#### Task
Every line below must come back exactly as it stands, with the images omitted.

#### Available data

============================================================

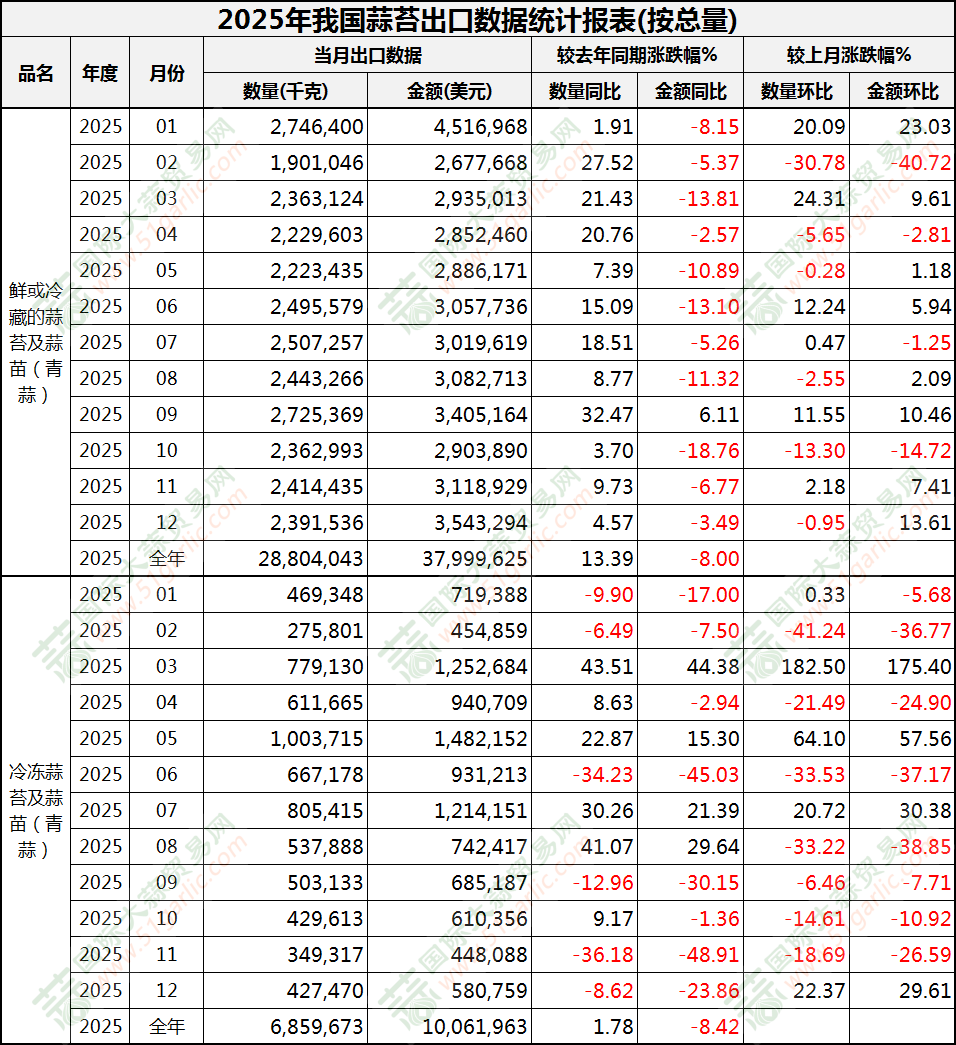 2025年全年蒜苔出口數(shù)據(jù)(按總量)
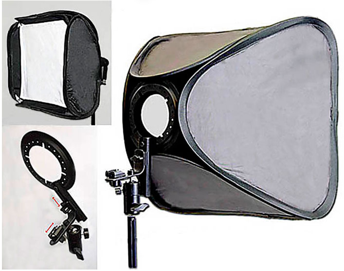 Los perfiles de la ventana están hechos con flejes de acero lo que permite doblarnos (como se hace con los reflectores circulares) y plegar la ventana para meterla en una pequeña bolsita muy fácil de transportar en la que también se mete el soporte para el flash y la arandela de ajuste para sujetar la ventana. El adaptador tiene dos zapatas ajustables tanto en altura como en longitud por lo que prácticamente se puede acoplar cualquier flash.
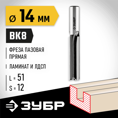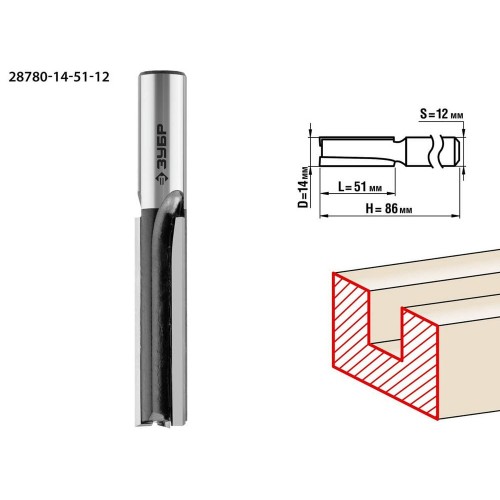 Фреза пазовая прямая ЗУБР 28780-14-51-12, предназначена для изготовления пазов и канавок требуемой конфигурации при работе с различными видами древесины. Улучшенный твердый сплав для повышенного ресурса. Три лезвия обеспечивают максимальную чистоту поверхности. Заточка производится только на самых современных станках с ЧПУ.

============================================================

#### Solution to the exercise
 2025年全年蒜苔出口數(shù)據(jù)(按總量)
 Los perfiles de la ventana están hechos con flejes de acero lo que permite doblarnos (como se hace con los reflectores circulares) y plegar la ventana para meterla en una pequeña bolsita muy fácil de transportar en la que también se mete el soporte para el flash y la arandela de ajuste para sujetar la ventana. El adaptador tiene dos zapatas ajustables tanto en altura como en longitud por lo que prácticamente se puede acoplar cualquier flash.
 Фреза пазовая прямая ЗУБР 28780-14-51-12, предназначена для изготовления пазов и канавок требуемой конфигурации при работе с различными видами древесины. Улучшенный твердый сплав для повышенного ресурса. Три лезвия обеспечивают максимальную чистоту поверхности. Заточка производится только на самых современных станках с ЧПУ.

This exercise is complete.